According to one embodiment, the module selection circuit is configured to receive on input a parallel signal and an address signal, supply on output N module select signals, one signal per module, and deselect one or more select signals regardless of the parallel signal being set in a high logic state.

Embodiments of the invention also relate to a method of testing N memory modules in parallel, N being greater than or equal to three, comprising the steps of writing an input data at an address in each of the memory modules, reading the data at the address of the modules to obtain output data, determining whether the output data from the modules are identical. The method further comprises the steps of designating one of the modules as the reference module and the N-l other modules as auxiliary modules, comparing the output data from each of the auxiliary modules being tested with the output data from the reference module, and supplying the output data from the reference module to a data verification means.

According to one embodiment, the method comprises the steps of determining the largest memory module, and designating the largest memory module as the reference module .

According to one embodiment, the method further comprises, during a parallel operation, the step of selecting a subset of at least two of the N memory modules according to an address belonging to a test space common to the subset of modules.
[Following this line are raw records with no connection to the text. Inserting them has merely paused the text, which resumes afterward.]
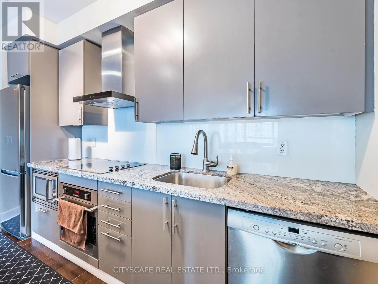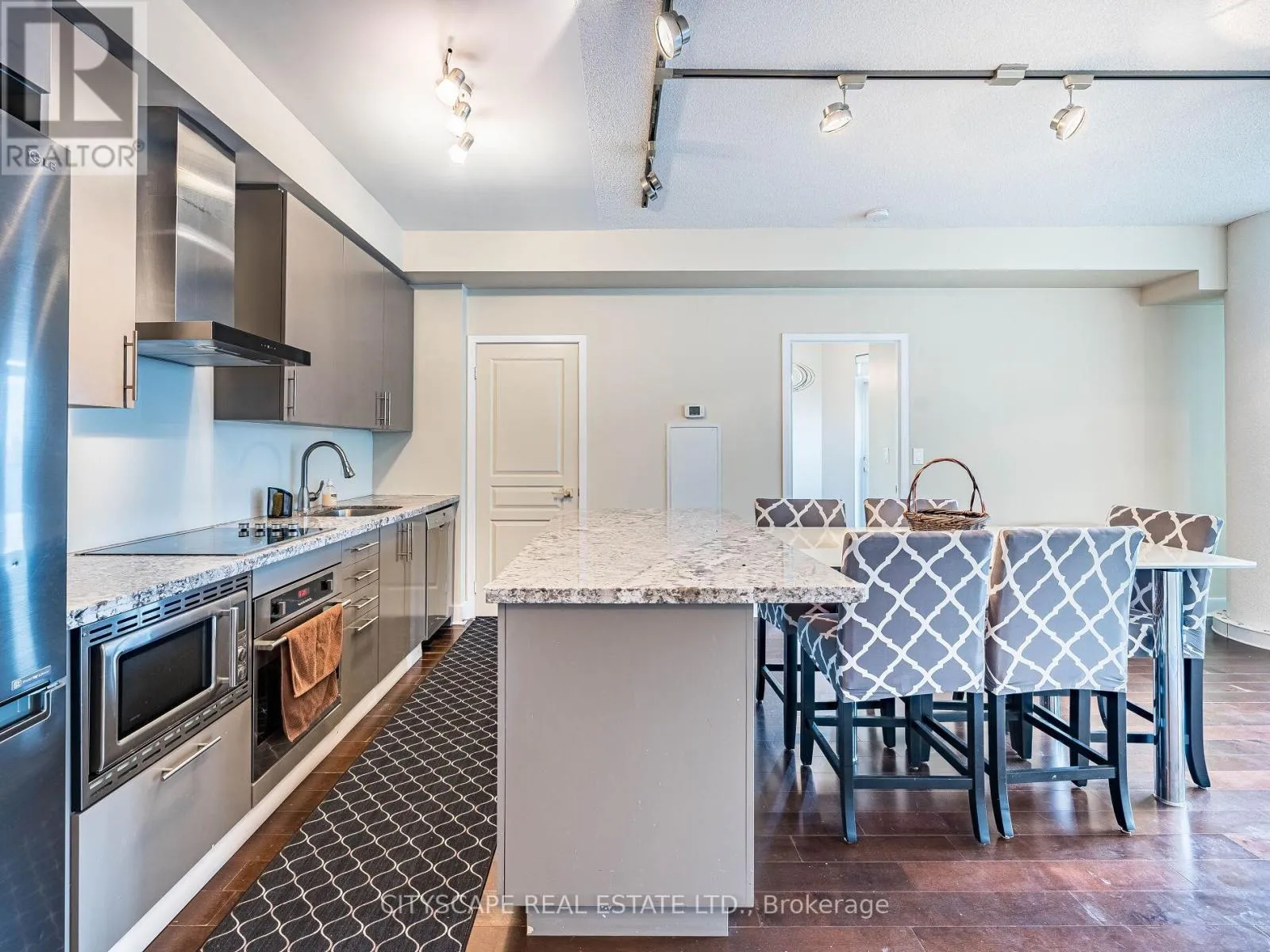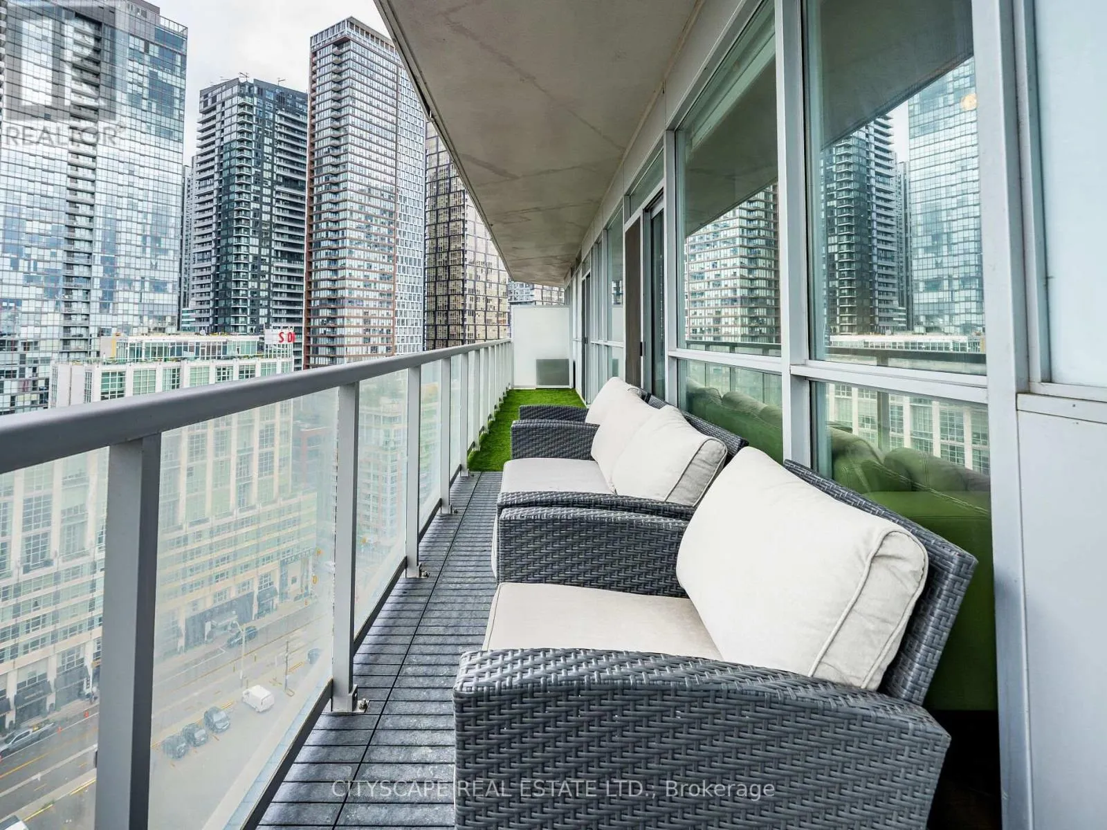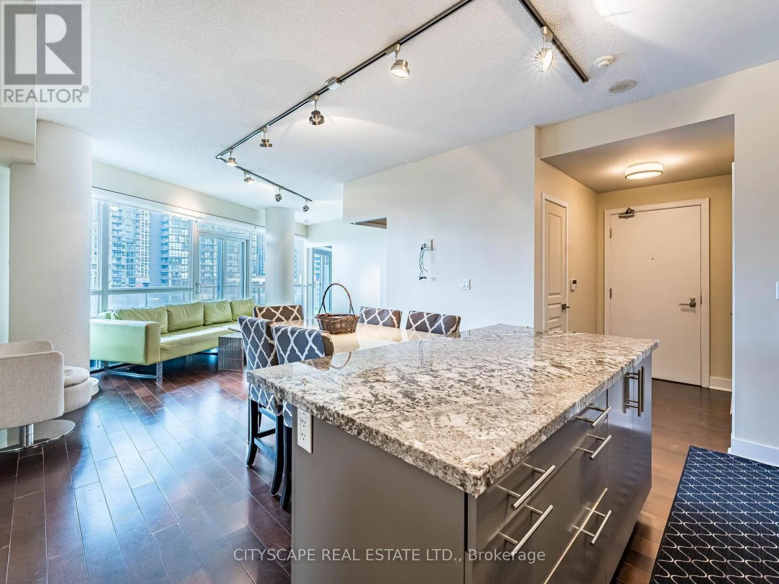 Cross Streets: Front And Spadina. ** Directions: Front & Spadina. Downtown Luxury at Fly Condos! Stunning 2 Bedroom + Den, 3 Bath suite designed by celebrity designer Ramsin Khachi. Offering 1,112 sq.ft. of upgraded living space filled with natural light and three walk-outs to a 312 sq.ft. wrap-around balcony with unobstructed northwest city views. Features high-end stainless steel appliances, custom island with extended dining table, granite countertops, and hardwood flooring throughout. Two spacious bedrooms each include private ensuites, while the den is perfect for a home office or 3rd bedroom. Includes 1 premium underground parking spot and 1 locker. Building amenities include 24-hour concierge, security, and pay per use guest parking. Steps to the Financial District, Entertainment District, CN Tower, Rogers Centre, restaurants, and transit. A true luxury residence in the heart of downtown Toronto! Available furnished for $4100 per month. (id:27476)
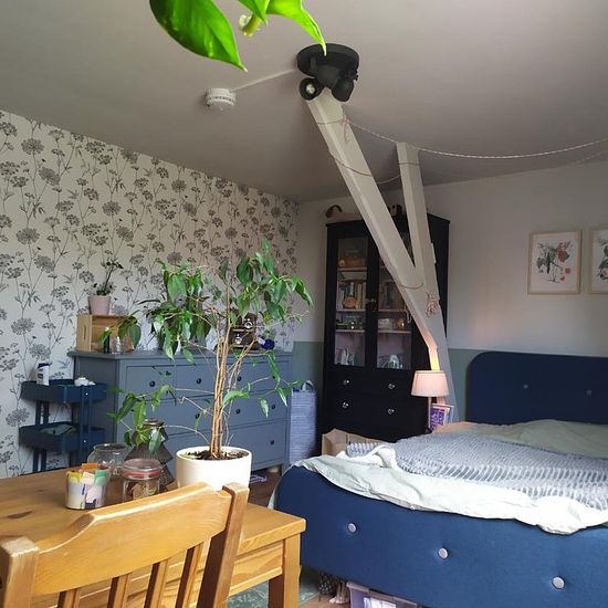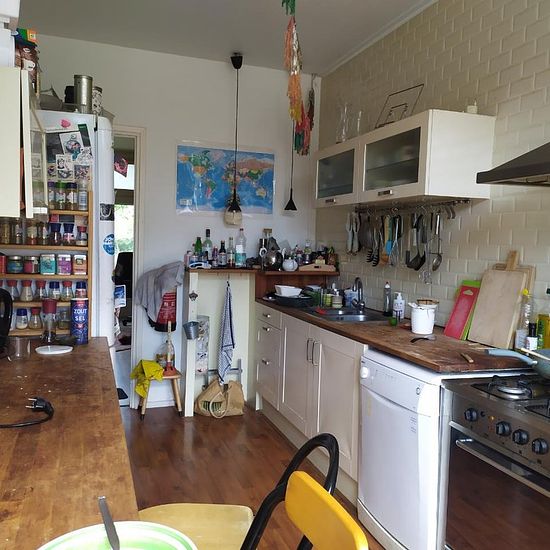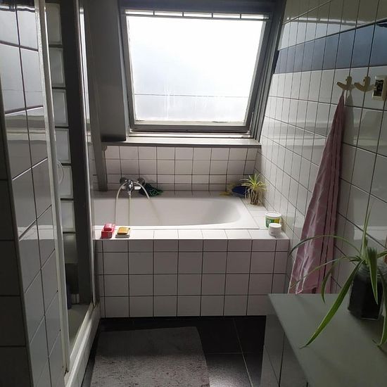 Fairly spacious room on the second and top floor. Quiet house and quiet neighborhood with everything within walking distance (supermarkets, bike repair shops, thrift store, electronics, locksmith, etc.). BSc and MSc students plus working people. For the past few years half Dutch, half international. Recently no longer half man, half woman but mostly man, which could possibly change. We have a large garden with tiles, greenery, bikes, tables, chairs, and stubborn blackberry bushes. In the summer, we occasionally make a fire.
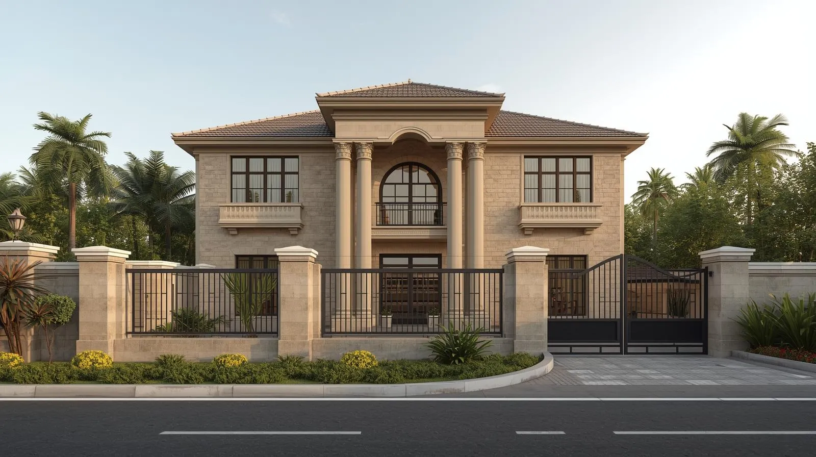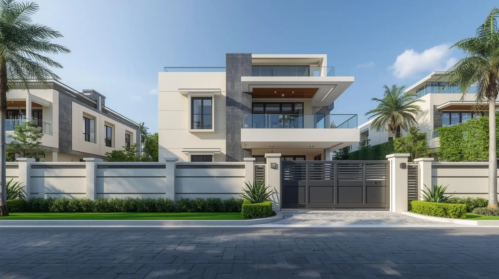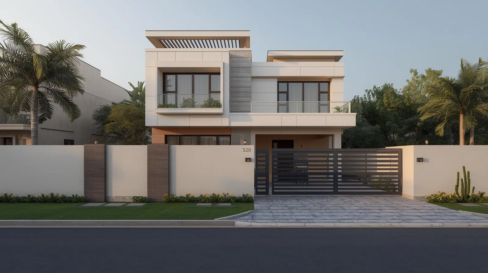 Highlights: Modern elevation, glass balcony, wide driveway, bright natural light
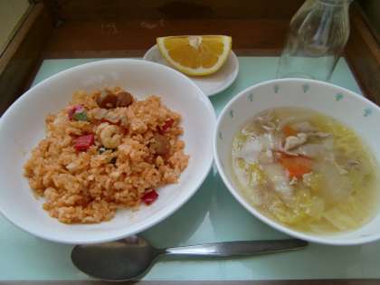 ジャンバラヤは米、肉、野菜を使ったアメリカの料理です。スペイン料理のパエリアをもとにした料理と言われ、少し辛味のある味付けで食が進みます。
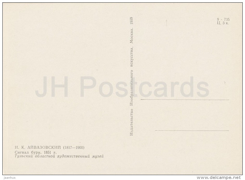 painting by I. Aivazovsky - Storm Signal , 1851 - sailing ship - Russian art - 1969 - Russia USSR - unused
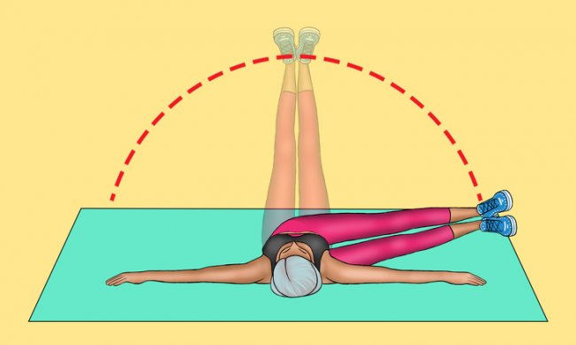 Поднимите ноги от земли сначала под углом 45°, используя мышцы живота, затем доведите до 90° и ненадолго задержитесь.
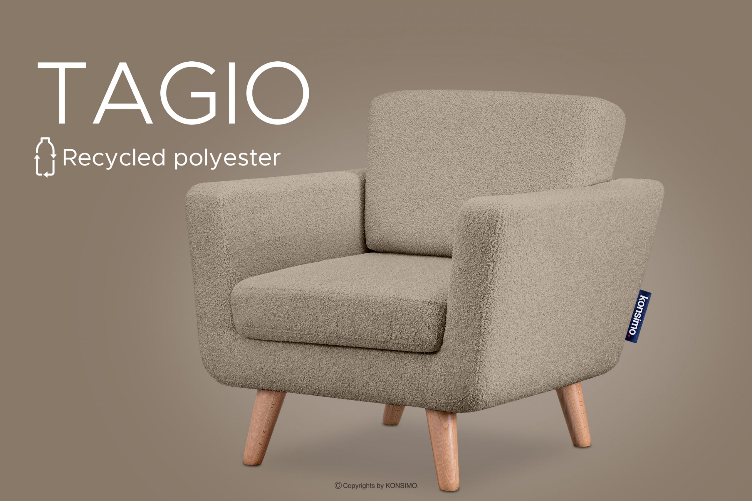 TAGIO zobacz całą kolekcję Szarobeżowy fotel skandynawski w tkaninie baranek- kolor szarobeżowy
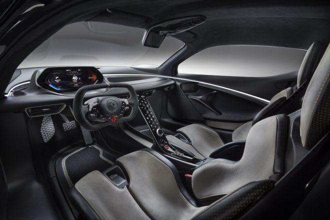 1輪あたり500PS以上の出力を並外れた応答性でコントロールし、”フィールを優先するため”に電動油圧式とされたステアリングとの協調で、完璧なトルクベクタリングによるコーナリング性能を提供する。
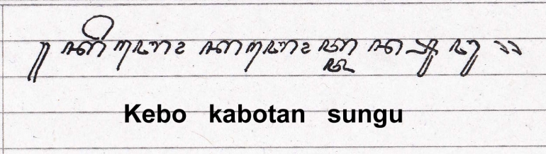 Tulisan Aksara Jawa Kebo Kabotan Sungu, Tuladha Ukara

Embodiments of the present invention will now be described in connection with, but not limited to, the appended drawings in which:

Fig. 1, previously described, shows a conventional semiconductor device configured to perform parallel testing,

Fig. 2 shows a semiconductor device configured to perform parallel testing according to an embodiment of the invention,

Fig. 3 shows a portion of a semiconductor device configured to perform parallel testing according to another embodiment of the invention,

- Figs. 4A and 4B respectively show system address mapping and physical address mapping of memory modules,

- Fig. 5 is a flowchart of a module selection process according to one embodiment of the invention, and

- Fig. 6 is an output data comparator according to one embodiment of the invention. Embodiments of the invention relate to a semiconductor device comprising a plurality of memory modules and configured to perform a parallel testing of the memory modules, wherein one memory module is designated as a reference module and the other memory modules are designated as auxiliary modules.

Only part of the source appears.